#### TASK INSTRUCTIONS:
Write out, exactly and in full, the line where "Dans Smartpoint, entrez" appears together with all lines that follow it in the entries below. Do not include pictures.

______

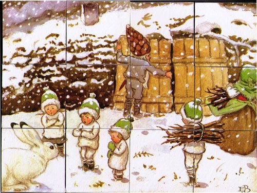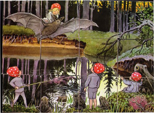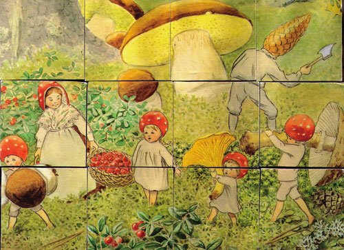 Studio : K. Hjelm Forlag Publisher : K. Hjelm Forlag Product Description Unique, illustrated cubes can be rotated to make six different puzzles, with the illustrations from 'Children of the Forest' by Elsa Beskow. These 12 block are perfect in developing hand and eye coordination and is appropriate for age 3 . Each wooden block is 1 ½ inches 0
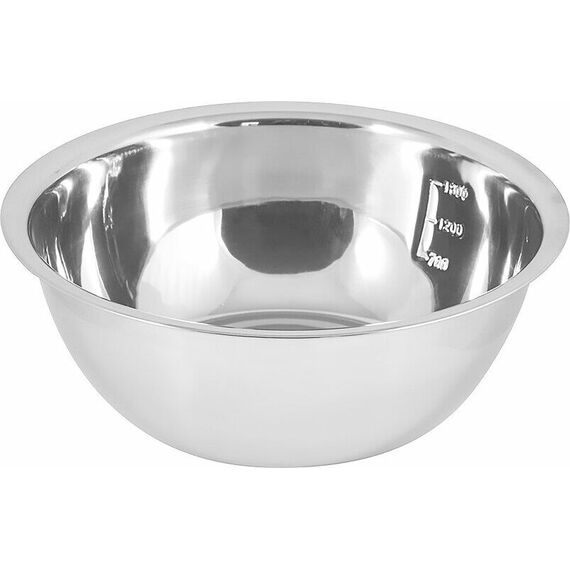 Миска из нержавеющей стали с расширенными краями Толщина - 0,3 мм Одинарное дно Внутри и снаружи - зеркальная полировка Упаковка: стикер/пакет диаметр 19 см *5,5 см (высота) литраж 1 л
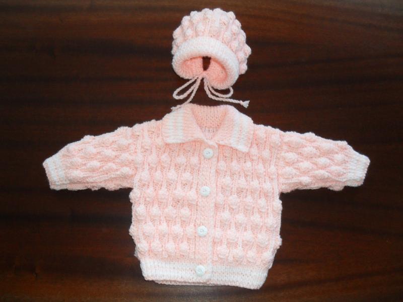 Ručně pletený svetýrek s čepičkou pro 0 – 3 měsíce. ze 100% akrylové příze vhodné pro miminka v meruňkové barvě s bílou nitkou. Vhodné do porodnice nebo na křtiny, i jako dárek pro novorozeňátko.
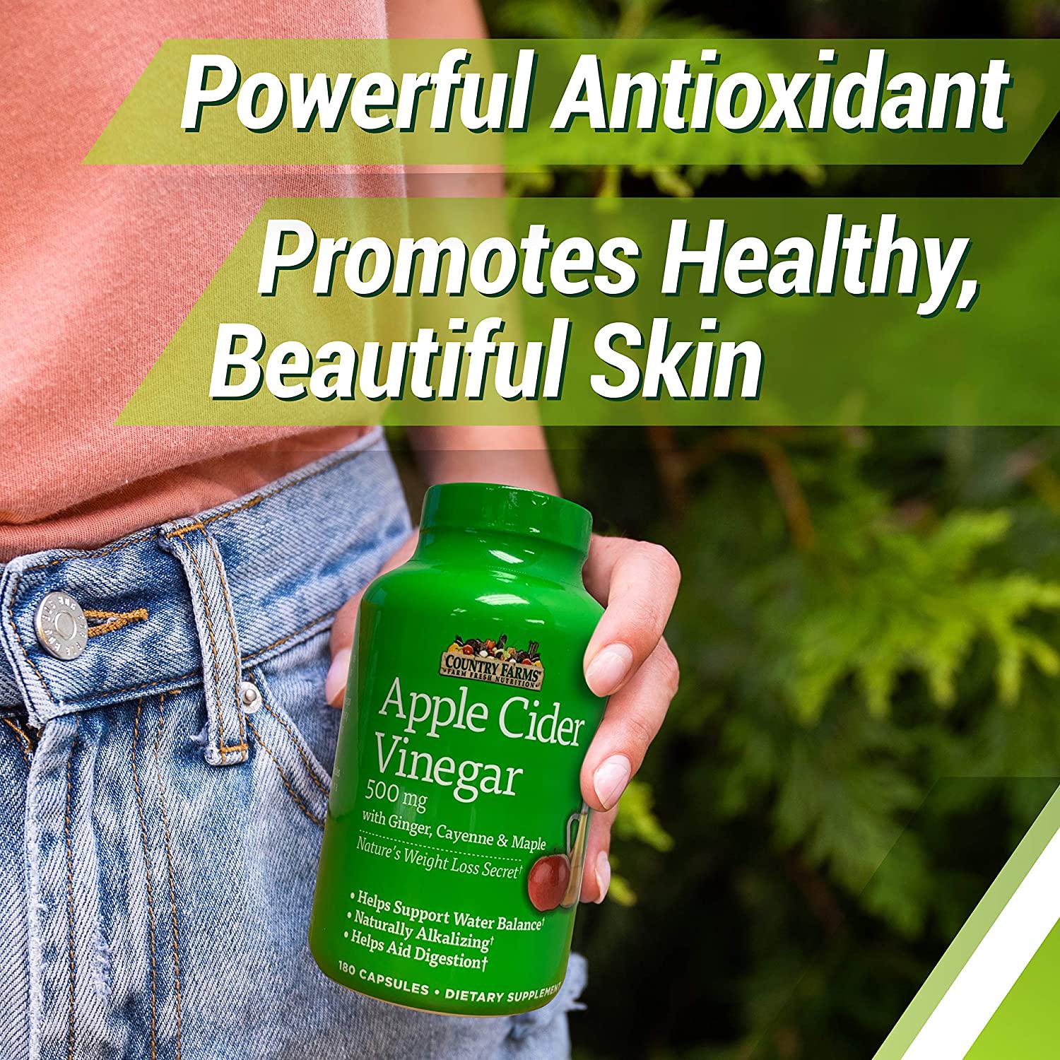 - Pure Apple Cider Vinegar for water balance & Digestive health - each capsule of Country Farms Apple Cider Vinegar provides your body with 500 mg of apple cider and 100 mg of Ginger, cayenne and maple to help promote proper water balance
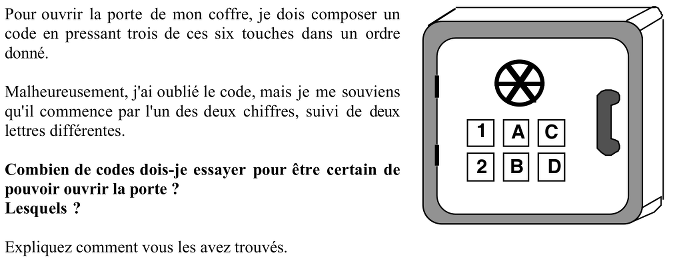 - comprendre qu'il faut trouver des arrangements de six touches, prises trois à trois
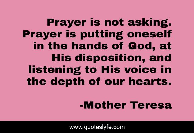 This page presents the quote "Prayer is not asking. Prayer is putting oneself in the hands of God, at His disposition, and listening to His voice in the depth of our hearts.". Author of this quote is Mother Teresa. .
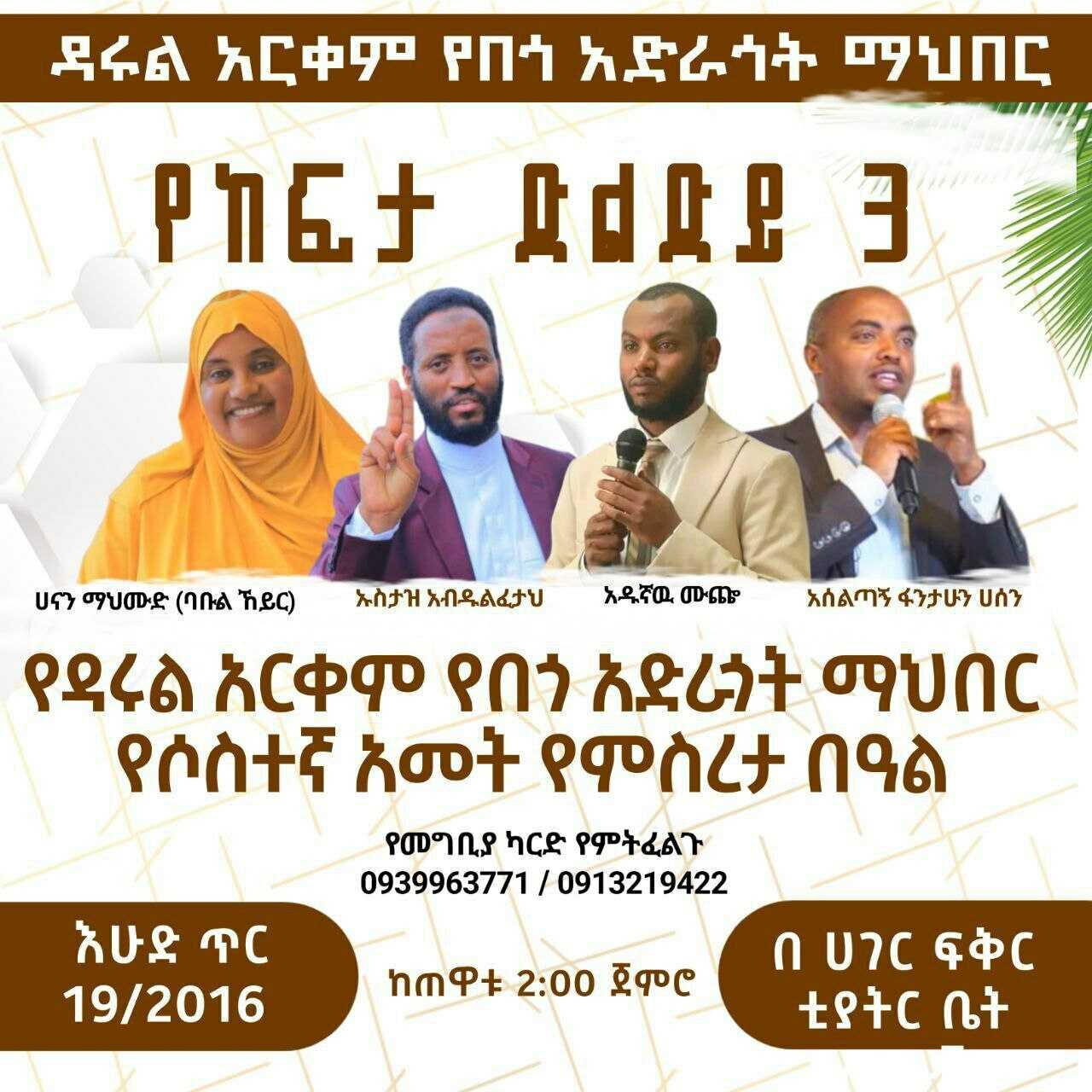 🎉በበጎነት ወደ ጀነት መሄጃ መንገዱን በፅኑ አቋም አጥብቆ ከያዘ እነሆ ሶስት አመታት ተቆጠሩ። በአይታሞች ፈገግታ በአዛውንት ምርቃት በመሻኢኾች ዱዓ በእናንተ ቤተሰቦቻችን አለን ባይነት መስመር ውስጥ አልፎና ደምቆ ከዳዴ አንስቶ እነሆ በአላህ ፍቃድ በሶስት አመታት ውስጥ በሁለት እግሩ ቆሟል። ታድያ ይሄን ጉዞውን በጣም በተሻለ እና ከዚህም ከፍ ባለ ፣መጥቼበት በማላውቀው አዲስ ስራ፣ ያለፉት መንገዶቼን በወፍ በረር ሶስቱን አመት አብራችሁኝ ላሳስለፋችሁ በመድረክ አሳያችኋለው ሲል መድረኩን አሰናድቷል። የመልካምነት መንገድ እንኳን የተሳካው ውጣ ውረዱም ያጓጓልና ጥር በእሁድ ቀን ወርሀ ጥር 19/2016  በሀገር ፍቅር ቲያትር ከጠዋቱ 2:00 ሲል  የሚጀመር ስለሆነ፤ በመድረኩ ላይ በመገኘት የድግሳችን ድምቀት ሁኑ እንላለን ።
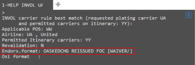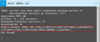 Dans Smartpoint, entrez HELP INVOL XX, où XX est la compagnie aérienne, pour afficher le format de cette compagnie aérienne pour les approbations.
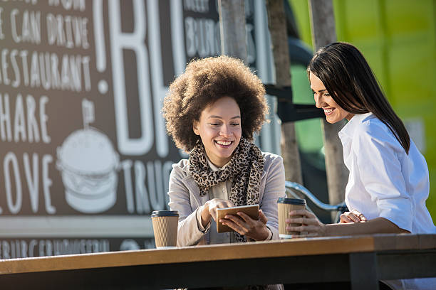 pretty women talinkg while drinking coffee - junk food stock pictures, royalty-free photos & images

______

#### EXERCISE SOLUTION:
 Dans Smartpoint, entrez HELP INVOL XX, où XX est la compagnie aérienne, pour afficher le format de cette compagnie aérienne pour les approbations.
 pretty women talinkg while drinking coffee - junk food stock pictures, royalty-free photos & images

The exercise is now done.